[Dataset excerpts]
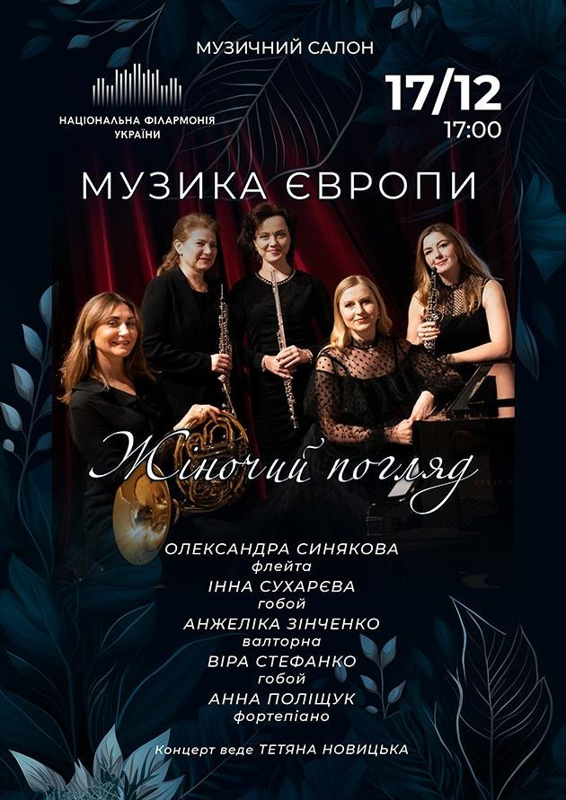 Прем’єра програми Музика Європи. Жіночий погляд і перший спільний виступ нового духового і суто жіночого ансамблю, створеного за ініціативи піаністки Анни Поліщук. Це унікальний проєкт в українському музичному просторі, якому немає аналогів. Жінки – виконавиці на флейті, гобої, валторні в ансамблі із фортепіано, як центральним та об’єднуючим інструментом, – запрошують у мандрівку в просторі та часі, різними епохами та країнами Європи, даруючи публіці естетичне та інтелектуальне задоволення від побаченого та почутого.
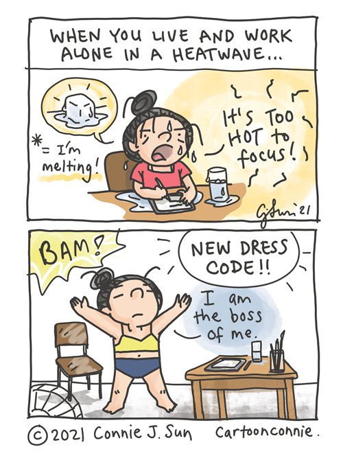 [Two-panel comic about when you live alone and work from home in a heatwave. Girl with a bun sweating over a desk complains that "It's too hot to focus" and that she's melting like an ice cube. Cuts to: Girl stands akimbo, arms out, in only underwear. She institutes a new dress code and declares: "I am the boss of me."]
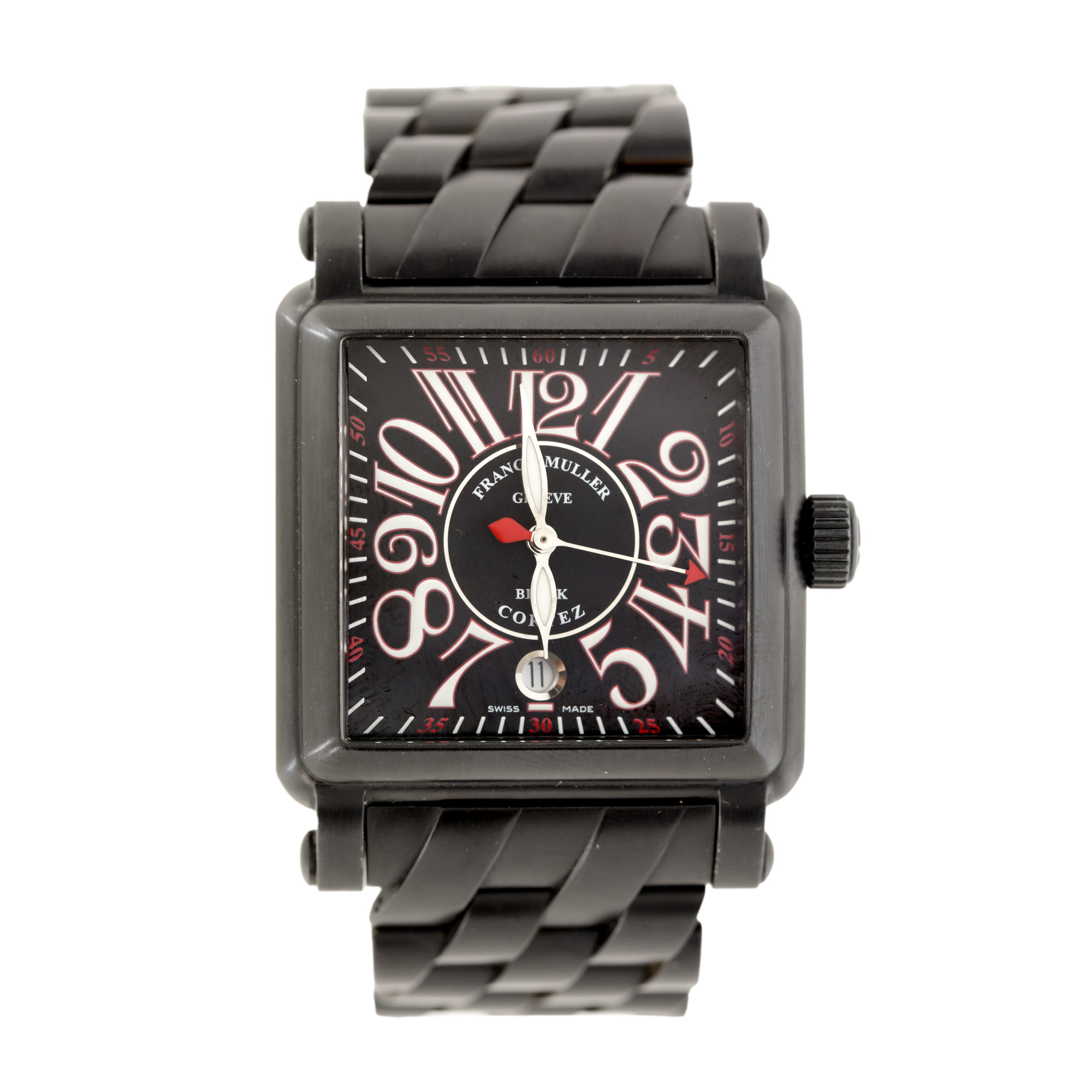 Ceas Franck Muller Black Cortez Conquistador, de mână, bărbătesc, referință 10000 H SC NR. Mecanism automatic. Cadran curbat, de culoare negru cu indici numerale arabe și registru pentru dată în dreptul orei 6. Carcasa și brățara placate cu PVD negru. Brățara originală, din oțel, cu sistem de închidere de tip deployant.
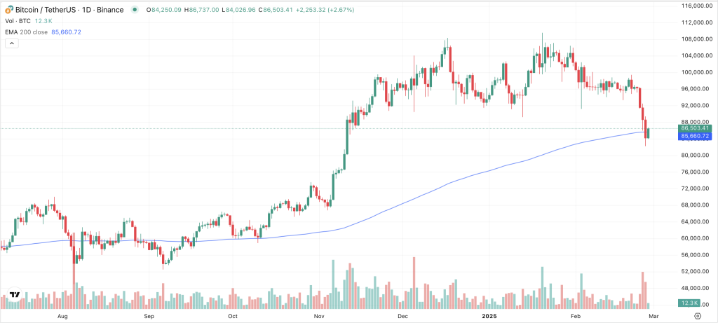 Die Bitcoin-Entwicklung im Jahr 2025 hat viele Investoren enttäuscht. Trotz Donald Trumps kryptofreundlicher Rhetorik im Wahlkampf und seiner Versprechen, die USA zum Zentrum der Krypto- und KI-Entwicklung zu machen, befindet sich der Bitcoin-Kurs seit seinem Allzeithoch am Tag von Trumps Amtseinführung in einem Abwärtstrend. Die kürzlich angekündigten Strafzölle gegen die EU haben zu weiteren Kursrückgängen geführt. Dennoch gibt es Anzeichen, dass die Korrektur bald enden könnte.
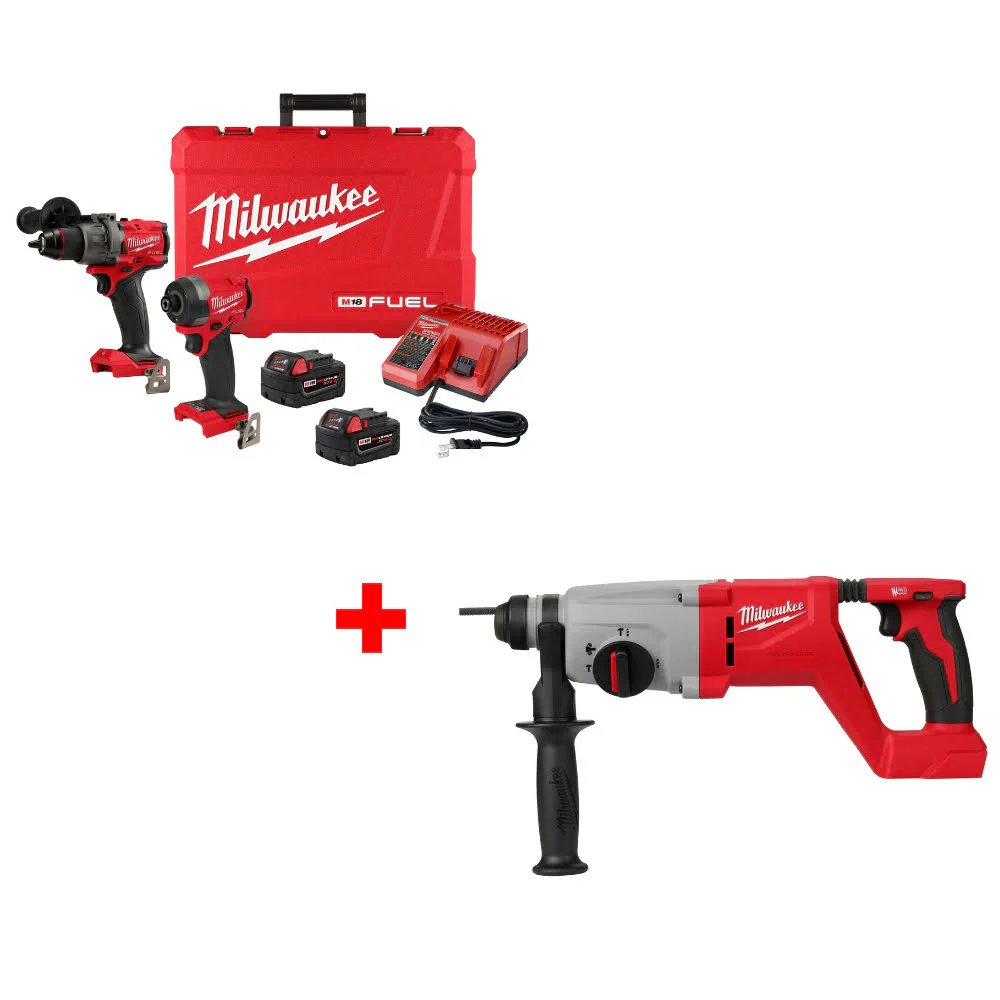 Milwaukee 3697-22 M18 FUEL 2-Tool Combo Kit W/ FREE 2613-20 M18 1" Rotary Hammer

» Exercise prompt: Output exactly those lines of the data above that run from the line with "[Two-panel comic about" up to and including the line with "Ceas Franck Muller". No pictures go in.

» Solution for this task:
 [Two-panel comic about when you live alone and work from home in a heatwave. Girl with a bun sweating over a desk complains that "It's too hot to focus" and that she's melting like an ice cube. Cuts to: Girl stands akimbo, arms out, in only underwear. She institutes a new dress code and declares: "I am the boss of me."]
 Ceas Franck Muller Black Cortez Conquistador, de mână, bărbătesc, referință 10000 H SC NR. Mecanism automatic. Cadran curbat, de culoare negru cu indici numerale arabe și registru pentru dată în dreptul orei 6. Carcasa și brățara placate cu PVD negru. Brățara originală, din oțel, cu sistem de închidere de tip deployant.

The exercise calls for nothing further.